The FDA very carefully reviews the submissions, requires validation of tests and safeguards so data can't easily be manipulated. But the system is built on trust. If a company wants to manipulate, fake or exclude negative data they can. They'll likely get caught, but not always.


Yeah, people are are drastically underestimating how enormous the testing apparatus is at a company like Boeing. It's thousands of employees. Expecting the FAA to duplicate those efforts is ridiculous.

I don't know much about the FAA, but as someone who works in healthcare, I know the FDA conducts regular audits of medical device manufacturers.

They roll in for a week, request access to everything and everywhere, then pick a handful of areas (randomly) to do a full deep-dive. Generally, if a company is cutting corners, discrepancies will exist in many areas and they'll quickly spot one or more of them. I assume the FAA operates similarly.


And ISTR that just around the time I entered the medical device industry, that this is exactly what happened to Abbott and they were forced to remove some of their products from the market for months until they could bring their quality system back up to FDA satisfaction.

Hard to believe that it was so long ago. Man, I'm old :-) https://www.chicagotribune.com/news/ct-xpm-1999-11-03-991103...

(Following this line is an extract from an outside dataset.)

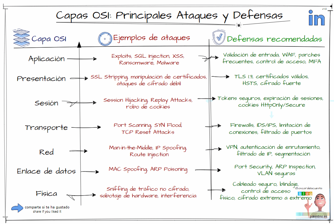 Capas OSI: Principales Ataques y Defensas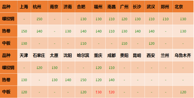 現(xiàn)貨報價普遍下調,跌幅50以內:

Similar for many other things, the report most countries based the safety of roundup on was written by Monsanto itself. Most countries only check these reports for completeness and obvious errors, they don't try to run the studies themselves. However that "error checking" of the report is something where the FAA fucked up, the information on the MCAS provided by Boeing was completely out of date, either the documented testing procedures where incomplete or the FAA did not notice that the MCAS handled cases far outside of its original specification.

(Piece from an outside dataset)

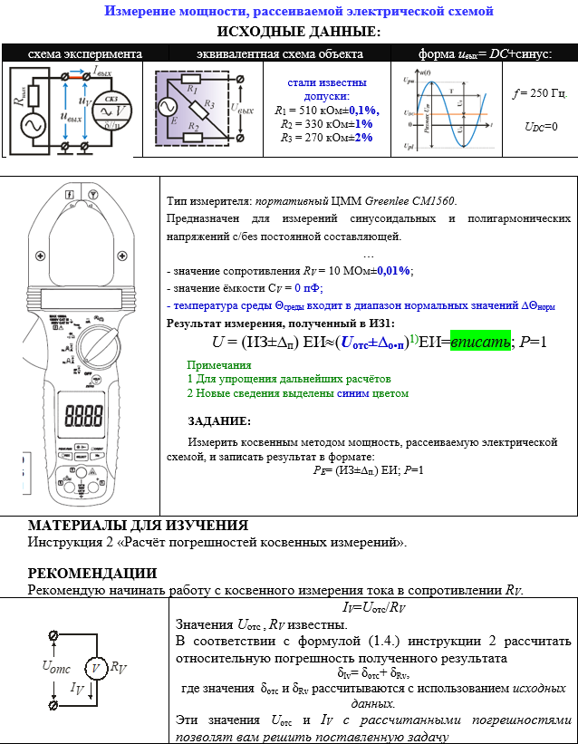 Измерение мощности, рассеиваемой электрической схемой ИСХОДНЫЕ ДАННЫЕ: схема экспериментаэквивалентная схема объектаформа uвых= DC+синус: стали известны допуски: R1 = 510 кОм±0,1%, R2 = 330 кОм±1% R3 = 270 кОм±2% f = 250 Гц. UDC=0 Тип измерителя: портативный ЦММ Greenlee CM1560. Предназначен для измерений синусоидальных и полигармонических напряжений с/без постоянной составляющей. … - значение сопротивления RV = 10 МОм±0,01%; - значение ёмкости СV = 0 пФ; - температура среды Θсреды входит в диапазон нормальных значений ∆Θнорм Результат измерения, полученный в ИЗ1: U = (ИЗ±∆п) ЕИ(Uотс±∆о.п)1)ЕИ=вписать; Р=1 Примечания 1 Для упрощения дальнейших расчётов 2 Новые сведения выделены синим цветом ЗАДАНИЕ: Измерить косвенным методом мощность, рассеиваемую электрической схемой, и записать результат в формате: РЕ= (ИЗ±∆п.) ЕИ; Р=1 МАТЕРИАЛЫ ДЛЯ ИЗУЧЕНИЯ Инструкция 2 «Расчёт погрешностей косвенных измерений».

Of course the FDA has to regulate 10s of 1000s of companies\drugs\trials. The FAA basically just oversees Boeing and Airbus in the large commercial jet market and either offers 10s of models...


The FAA oversees every flying object in the US. Not just new models, but also config changes to existing models, continued airworthiness, all the design org and production org certification of manufacturers (per site) and suppliers (again, per site). Which is quite a workload, especially in a world as complex as aerospace.


The point remains.


What point? That the FAA screwed up? That Boeing intentionally lied? Those were nver in question.

If it is the point that the FAAs job should be easy because the only oversee Boeing and Airbus, well that point is just ignorant.


If you're unable to understand LattleLazy's point it's probably best to refrain from responding to them until you do.


Attacking the poster is not moving the discussion forward!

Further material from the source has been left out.